Don't ever give up your power and wallow in not meeting THEIR standards. Their standards don't matter. Once you're in a relationship then sure, some compromise and balance is healthy. But during selection?? Mens standards don't matter at all. They can shout them into a void because they're meaningless. They'll "settle" for the majority of women in real life.

Men will try to scare you, with all kinds of projection. The most desperate one theyll say is "ok the power dynamic exists. But only for young hotties. It flips in men's favor when we're old". Pause here to roll your eyes. They want that to be true so badly. That's why they repeat it so much. But look at real life. Think of all the single older men absolutely pathetically desperate for women. Men talk a big game online. But they have no standards in real life. They have no power over women at all whatsoever. Older men literally become suicidal in their loneliness, it's almost an epidemic. Even in nursing homes in their dying days men are out there courting women down the hall. Whereas older women (when single) are happier and healthier across the board.

It's uncomfortable for lvm men to accept this power dynamic... so they don't. Because in literally every other way in our culture men are at the top of the food chain without needing to work for it. Theyre used to being entitled. They don't think it's fair that women have hierarchy, ever. So they try to take it.

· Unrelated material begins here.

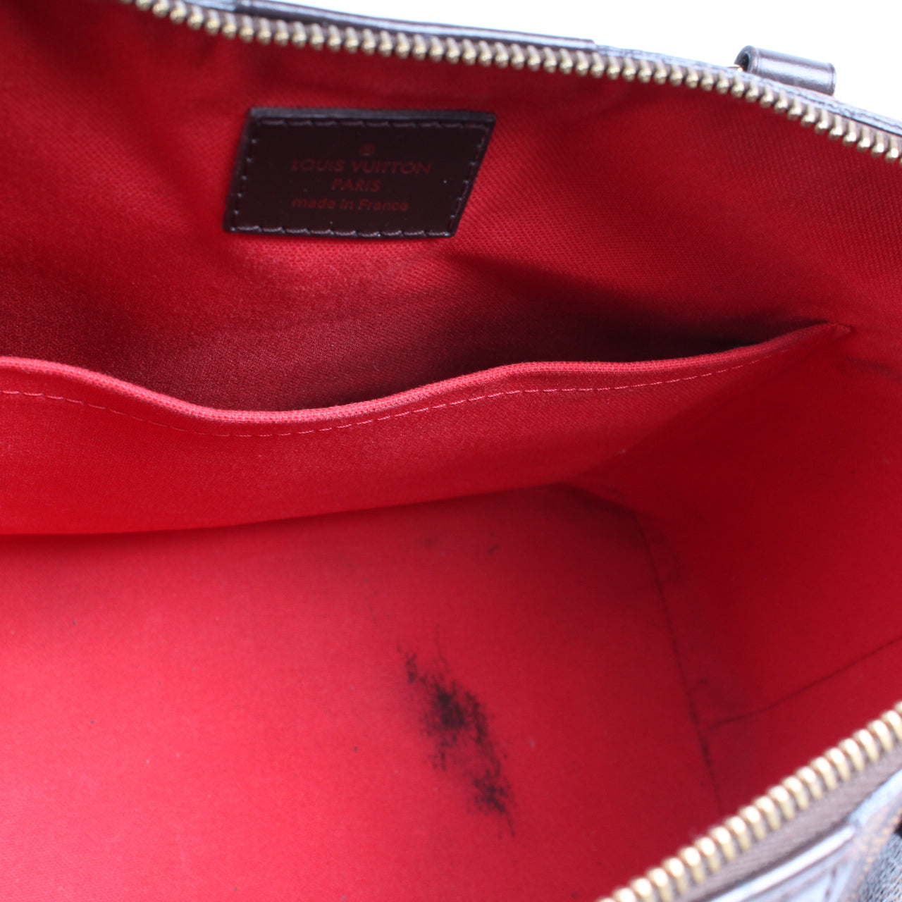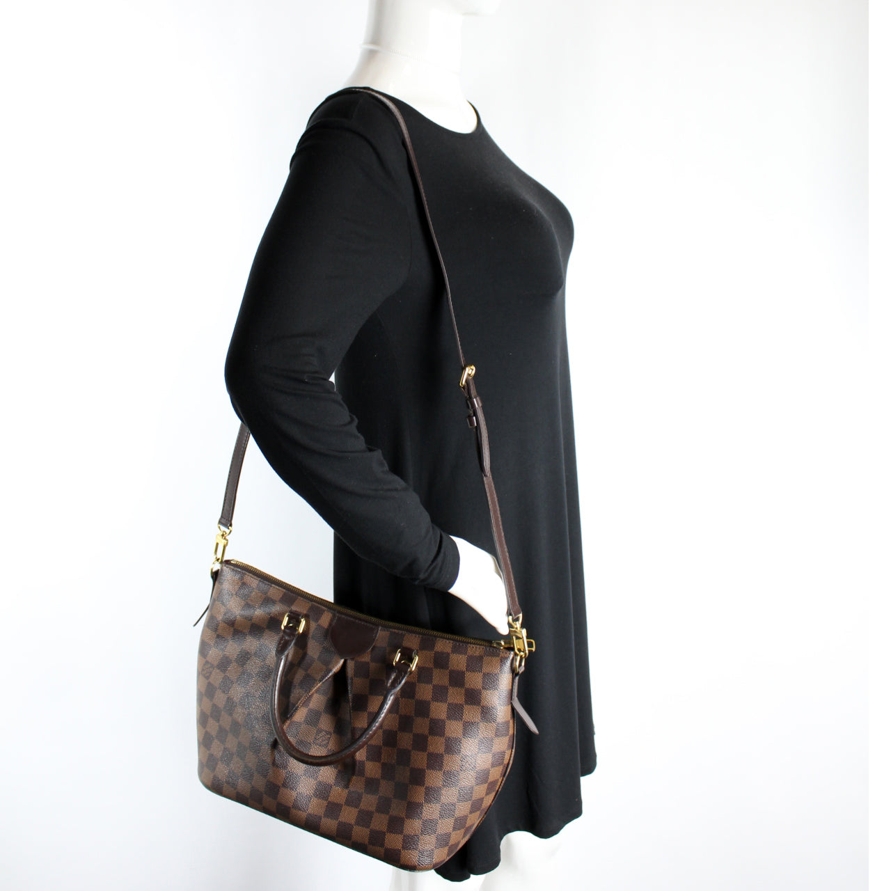 This pre-owned Louis Vuitton Siena MM is guaranteed 100% authentic. The exterior is in the classic Damier Ebene coated canvas.

The ONLY success men have had at tipping the power in their favor is through manipulation, grooming, exploitation and abuse. That's why they think the role flips when they're older. It doesn't. It's just that they get into a position of having enough lived experience to manipulate a young woman. It's artificial power. Unless she was fully groomed she'll eventually snap out of it and leave the guy. This is why so many of us warm young women about older men. These guys are bottom of the barrel lv and should be the first to be filtered.

But you should feel that way about any man that has power over you in the arena of dating. You have to examine the dynamic. How'd he do it? How'd he end up the one in power? Chances are high that you're being manipulated. So examine it. Examples: If you're the type of person who's a giver you're at risk of being manipulated by a narcissist. If you're younger than 25 you're at risk of being manipulated by predators. If you're insecure you're at risk of being manipulated by negging. If you're anxious you're at risk of being manipulated by gaslighters. If you're broke you're at risk of being manipulated by someone with money. And so on. Whatever form it takes, it can be traced back to the original problem, which is that men shouldn't have any power over you when it comes to dating. So if they do, bail.

Tldr; When it comes to relationships and filtering out options, you are the one with the power. Take it back.